The strong neck muscles of Mekosuchus whitehunterensis are thought to help it tear flesh from carcasses. Modern crocodiles do this by shaking their heads side to side or using the death roll maneuver. However, Mekosuchus was small, making the death roll less effective than in larger species. Head shaking is more common in small animals, like juveniles. Stein, Archer, and Hand argue that strong back muscles would improve head shaking but make the death roll riskier on land. Mekosuchus may also have pulled its head upward to strip flesh from carcasses, a behavior seen in older archosaurs. Whether this feeding method was used for hunting large prey or scavenging is unclear, but researchers suggest it was especially useful for scavenging, allowing small animals to eat large amounts of food.
Mainland Mekosuchus species are found in areas with fossils of other mekosuchines, suggesting they may have lived together. The White Hunter Site, where M. whitehunterensis was found, also has fossils of Baru wickeni, Ultrastenos, and Quinkana meboldi. The younger Ringtail Site preserves another Baru species, Mekosuchus sanderi, and Trilophosuchus. Scientists have proposed several reasons for how many crocodiles could coexist. Differences in skull shapes may have allowed them to occupy different niches without competing. It is also possible that fossil groupings (thanatocoenosis) do not reflect their actual habitats. Willis noted that mammal fossils in the Riversleigh area show distinct ecological roles, suggesting the crocodiles were sympatric (living in the same area). He highlighted Trilophosuchus, a box-headed, land-dwelling crocodile similar to Mekosuchus, which may have shared a niche with other crocodiles. However, they may have been more different than currently thought.
Unlike the sharp teeth of mainland Mekosuchus species, Mekosuchus inexpectatus had specialized back teeth suited for crushing hard-shelled invertebrates like mollusks, crustaceans, and insects. Balouet and Buffetaut suggest it may have eaten mollusks of the genus Placostylus, common in New Caledonia. Holt and colleagues, based on newer fossils and similarities to modern dwarf crocodiles, propose M. inexpectatus may have lived like modern dwarf crocodiles or caimans. They suggest it may have lived in small, slow streams in New Caledonia’s rainforests, foraging at night near water and on land.

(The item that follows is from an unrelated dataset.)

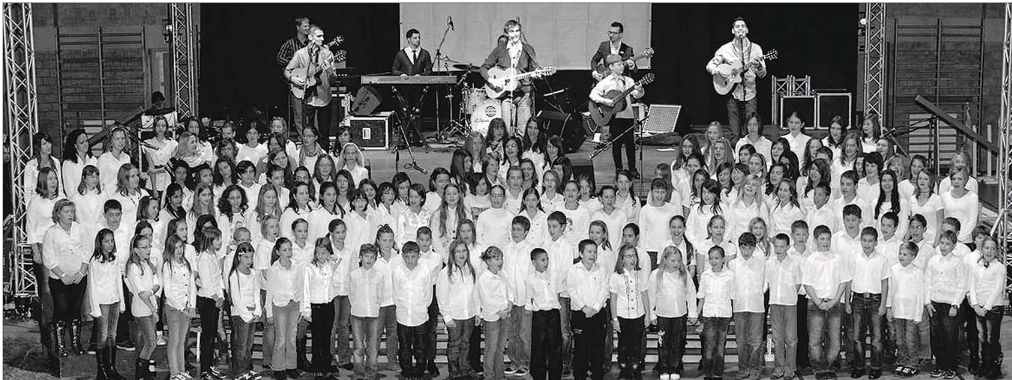
Az alapítvány koncertjének egyik meghatározó mősorszáma: iskolások 150 fős kórusa beteg gyerekekért énekelt.

The extinction of Mekosuchus in the South Pacific has been linked to human settlers, particularly the Lapita people. Supporters point to the overlap between Mekosuchus’ range and human settlements in Vanuatu and the association of Mekosuchus kalpokasi bones with human artifacts at the Arapus site on Efate. If humans caused their extinction, factors like invasive animals (pigs, rats), habitat loss, and hunting may have contributed. However, this idea is not universally accepted. Anderson and colleagues note that most Mekosuchus inexpectatus remains were found before humans arrived in New Caledonia, with only one jaw bone overlapping with human presence. They also state there is no evidence humans caused the crocodiles’ extinction.